I have read that the curvature is invariant under isometry in the general, though I'm urrently reading up a little on symmetric spaces and I've seen that we have
$\nabla R=0$ iff the space is locally symmetric.
But isn't this condition just the statement that curvature is invarient under parallel transport, which is an isometry?
I'm guessing that not all spaces are locally symmetric, but can't seem to figure out where I'm making the mistake.
Best Answer
What is true is that if $f : M \to M$ is an isometry, , $f^*g = g$, and then $f^*\nabla = \nabla$ and consequently this leads to $f^*R = R$. So an isometry of $M$ leaves unvariant the curvature.

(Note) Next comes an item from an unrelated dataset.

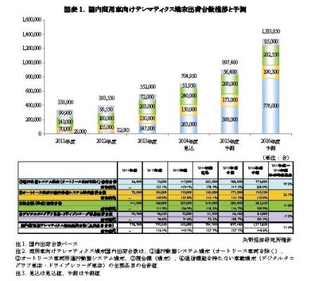 ◆国内商用車向けテレマティクス端末は順調に推移、2016年度には133万台を予測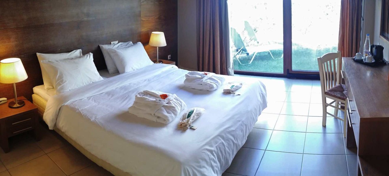 Komfortzimmer mit feinen Details und ein fokussiertes Freizeitangebot stützen ruhige Tage am Wasser, ergänzt durch dezente Abendunterhaltung. Der ausgezeichnete Strand von Matala liegt in Reichweite, der Flughafen Heraklion gut planbar entfernt. Ein Ort für eure perfekten Ferien zwischen Meer, Pool und unkomplizierter Gastlichkeit.

But this has nothing to do with parallel transport: say $\gamma : I \to M$ is a smooth path and let $P_t$ be the parallel transport from $\gamma(0)$ to $\gamma(t)$. Then: $$ P_t : \left(T_{\gamma(0)}M,g_{\gamma(0)}\right) \to \left(T_{\gamma(t)}M,g_{\gamma(t)}\right) $$ is a linear isometry. It is not an isometry of $M$.
In fact, on a connected riemannian manifold, any two points can be joined by a smooth path and thus, there are always parallel transport between them. But they may not even exist an isometry of $M$ sending one point to another given one in the general case. This would imply that $M$ is two-point homogeneous and this has huge consequences on the curvature.